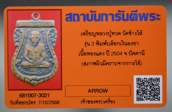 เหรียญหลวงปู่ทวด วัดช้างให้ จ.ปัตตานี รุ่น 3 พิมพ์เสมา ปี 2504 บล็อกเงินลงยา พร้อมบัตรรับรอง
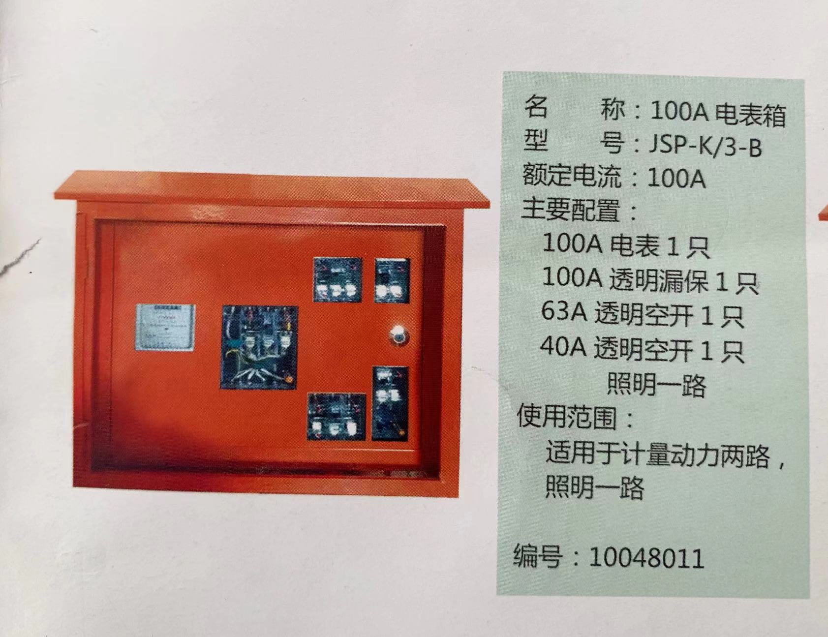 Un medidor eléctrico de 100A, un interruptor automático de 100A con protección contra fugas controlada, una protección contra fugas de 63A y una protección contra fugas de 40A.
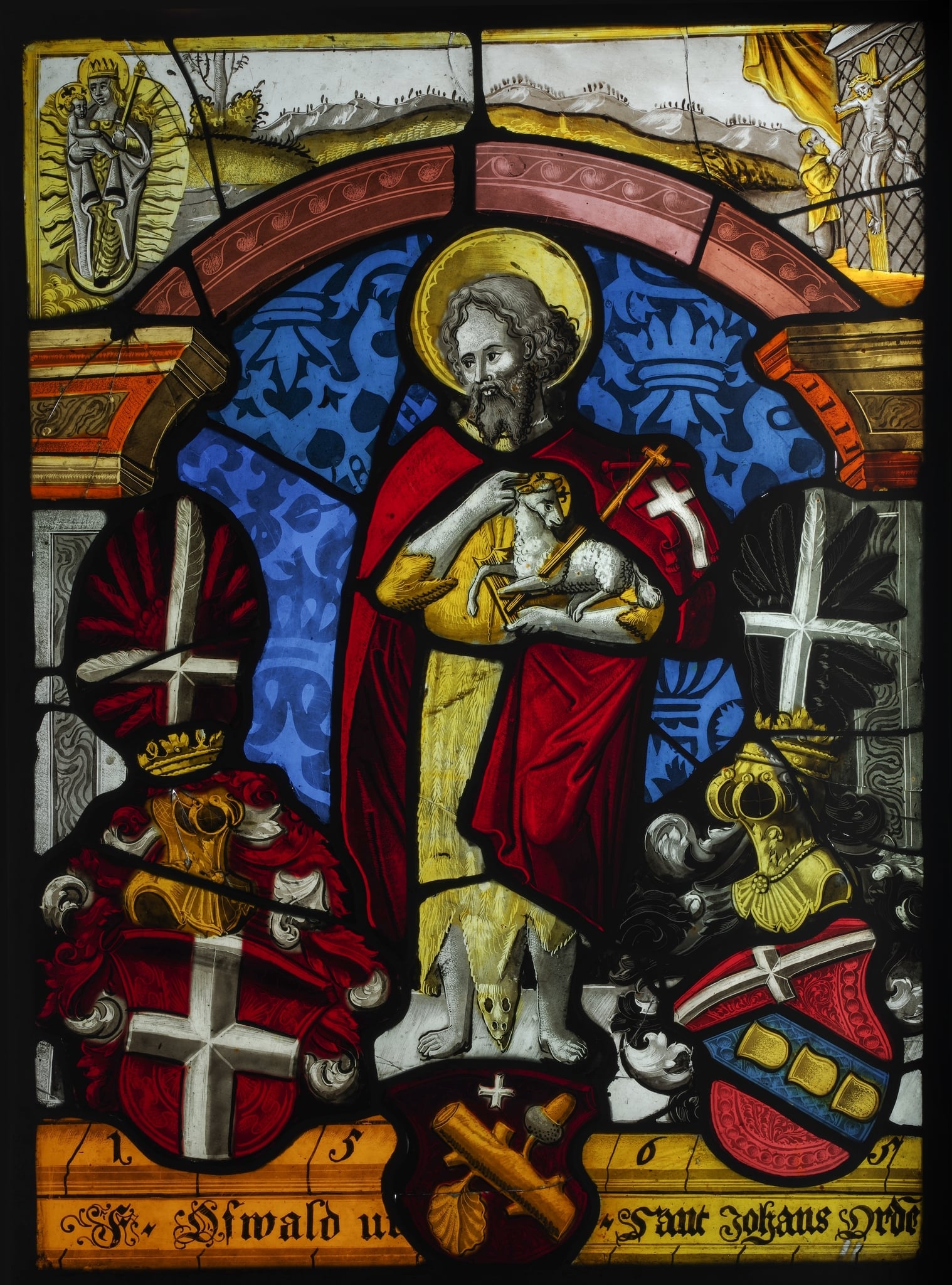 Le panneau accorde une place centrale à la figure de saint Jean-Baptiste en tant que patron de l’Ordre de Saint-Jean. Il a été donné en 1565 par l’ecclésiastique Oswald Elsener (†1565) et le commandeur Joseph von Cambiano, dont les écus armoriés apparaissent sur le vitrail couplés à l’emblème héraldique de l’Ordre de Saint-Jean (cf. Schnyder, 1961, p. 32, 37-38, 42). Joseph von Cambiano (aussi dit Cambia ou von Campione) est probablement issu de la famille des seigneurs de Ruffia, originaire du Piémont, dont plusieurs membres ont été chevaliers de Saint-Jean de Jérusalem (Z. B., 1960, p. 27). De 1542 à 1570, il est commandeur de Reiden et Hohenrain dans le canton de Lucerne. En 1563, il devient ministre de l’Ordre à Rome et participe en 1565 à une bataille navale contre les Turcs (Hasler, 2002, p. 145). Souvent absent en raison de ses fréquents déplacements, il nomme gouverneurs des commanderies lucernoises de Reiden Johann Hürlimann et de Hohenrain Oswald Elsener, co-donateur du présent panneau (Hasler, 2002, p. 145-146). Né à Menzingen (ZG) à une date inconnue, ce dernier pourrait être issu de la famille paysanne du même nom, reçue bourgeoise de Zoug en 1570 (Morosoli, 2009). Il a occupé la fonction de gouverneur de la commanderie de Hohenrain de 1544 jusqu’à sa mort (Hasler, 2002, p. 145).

————

** Required action **
Go through the data above and transcribe it in full, omitting any image.

** Output for this task **
 เหรียญหลวงปู่ทวด วัดช้างให้ จ.ปัตตานี รุ่น 3 พิมพ์เสมา ปี 2504 บล็อกเงินลงยา พร้อมบัตรรับรอง
 Un medidor eléctrico de 100A, un interruptor automático de 100A con protección contra fugas controlada, una protección contra fugas de 63A y una protección contra fugas de 40A.
 Le panneau accorde une place centrale à la figure de saint Jean-Baptiste en tant que patron de l’Ordre de Saint-Jean. Il a été donné en 1565 par l’ecclésiastique Oswald Elsener (†1565) et le commandeur Joseph von Cambiano, dont les écus armoriés apparaissent sur le vitrail couplés à l’emblème héraldique de l’Ordre de Saint-Jean (cf. Schnyder, 1961, p. 32, 37-38, 42). Joseph von Cambiano (aussi dit Cambia ou von Campione) est probablement issu de la famille des seigneurs de Ruffia, originaire du Piémont, dont plusieurs membres ont été chevaliers de Saint-Jean de Jérusalem (Z. B., 1960, p. 27). De 1542 à 1570, il est commandeur de Reiden et Hohenrain dans le canton de Lucerne. En 1563, il devient ministre de l’Ordre à Rome et participe en 1565 à une bataille navale contre les Turcs (Hasler, 2002, p. 145). Souvent absent en raison de ses fréquents déplacements, il nomme gouverneurs des commanderies lucernoises de Reiden Johann Hürlimann et de Hohenrain Oswald Elsener, co-donateur du présent panneau (Hasler, 2002, p. 145-146). Né à Menzingen (ZG) à une date inconnue, ce dernier pourrait être issu de la famille paysanne du même nom, reçue bourgeoise de Zoug en 1570 (Morosoli, 2009). Il a occupé la fonction de gouverneur de la commanderie de Hohenrain de 1544 jusqu’à sa mort (Hasler, 2002, p. 145).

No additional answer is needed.